**DATA RECORDS**.
_ _ _ _ _

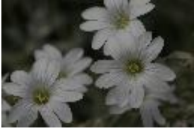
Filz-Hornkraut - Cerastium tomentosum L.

_ _ _ _ _

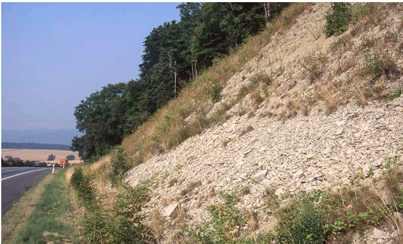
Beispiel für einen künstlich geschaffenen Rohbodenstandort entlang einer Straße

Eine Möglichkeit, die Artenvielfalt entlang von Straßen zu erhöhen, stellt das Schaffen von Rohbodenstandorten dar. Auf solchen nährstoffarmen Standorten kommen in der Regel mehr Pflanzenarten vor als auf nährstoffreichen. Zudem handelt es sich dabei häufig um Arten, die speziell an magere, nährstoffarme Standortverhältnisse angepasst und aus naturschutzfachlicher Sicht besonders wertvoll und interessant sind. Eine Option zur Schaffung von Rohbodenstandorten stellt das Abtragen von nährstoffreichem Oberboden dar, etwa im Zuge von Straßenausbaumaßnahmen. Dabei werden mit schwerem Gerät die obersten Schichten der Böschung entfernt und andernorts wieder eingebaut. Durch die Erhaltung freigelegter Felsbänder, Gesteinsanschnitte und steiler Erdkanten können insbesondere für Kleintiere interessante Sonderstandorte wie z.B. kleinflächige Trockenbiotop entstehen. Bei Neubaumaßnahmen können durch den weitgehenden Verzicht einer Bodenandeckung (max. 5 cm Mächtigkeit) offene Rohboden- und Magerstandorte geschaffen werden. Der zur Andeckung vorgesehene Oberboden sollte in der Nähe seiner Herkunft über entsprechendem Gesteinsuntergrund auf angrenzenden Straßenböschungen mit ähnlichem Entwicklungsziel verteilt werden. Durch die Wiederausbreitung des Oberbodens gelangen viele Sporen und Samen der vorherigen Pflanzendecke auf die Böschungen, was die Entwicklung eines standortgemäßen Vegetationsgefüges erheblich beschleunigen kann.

_ _ _ _ _

**YOUR TASK**.
Beginning with the line containing "Beispiel für einen" and ending with the line containing "Eine Möglichkeit, die", extract those lines exactly from the listing above, and only those.

**EXERCISE ANSWER**.
Beispiel für einen künstlich geschaffenen Rohbodenstandort entlang einer Straße

Eine Möglichkeit, die Artenvielfalt entlang von Straßen zu erhöhen, stellt das Schaffen von Rohbodenstandorten dar. Auf solchen nährstoffarmen Standorten kommen in der Regel mehr Pflanzenarten vor als auf nährstoffreichen. Zudem handelt es sich dabei häufig um Arten, die speziell an magere, nährstoffarme Standortverhältnisse angepasst und aus naturschutzfachlicher Sicht besonders wertvoll und interessant sind. Eine Option zur Schaffung von Rohbodenstandorten stellt das Abtragen von nährstoffreichem Oberboden dar, etwa im Zuge von Straßenausbaumaßnahmen. Dabei werden mit schwerem Gerät die obersten Schichten der Böschung entfernt und andernorts wieder eingebaut. Durch die Erhaltung freigelegter Felsbänder, Gesteinsanschnitte und steiler Erdkanten können insbesondere für Kleintiere interessante Sonderstandorte wie z.B. kleinflächige Trockenbiotop entstehen. Bei Neubaumaßnahmen können durch den weitgehenden Verzicht einer Bodenandeckung (max. 5 cm Mächtigkeit) offene Rohboden- und Magerstandorte geschaffen werden. Der zur Andeckung vorgesehene Oberboden sollte in der Nähe seiner Herkunft über entsprechendem Gesteinsuntergrund auf angrenzenden Straßenböschungen mit ähnlichem Entwicklungsziel verteilt werden. Durch die Wiederausbreitung des Oberbodens gelangen viele Sporen und Samen der vorherigen Pflanzendecke auf die Böschungen, was die Entwicklung eines standortgemäßen Vegetationsgefüges erheblich beschleunigen kann.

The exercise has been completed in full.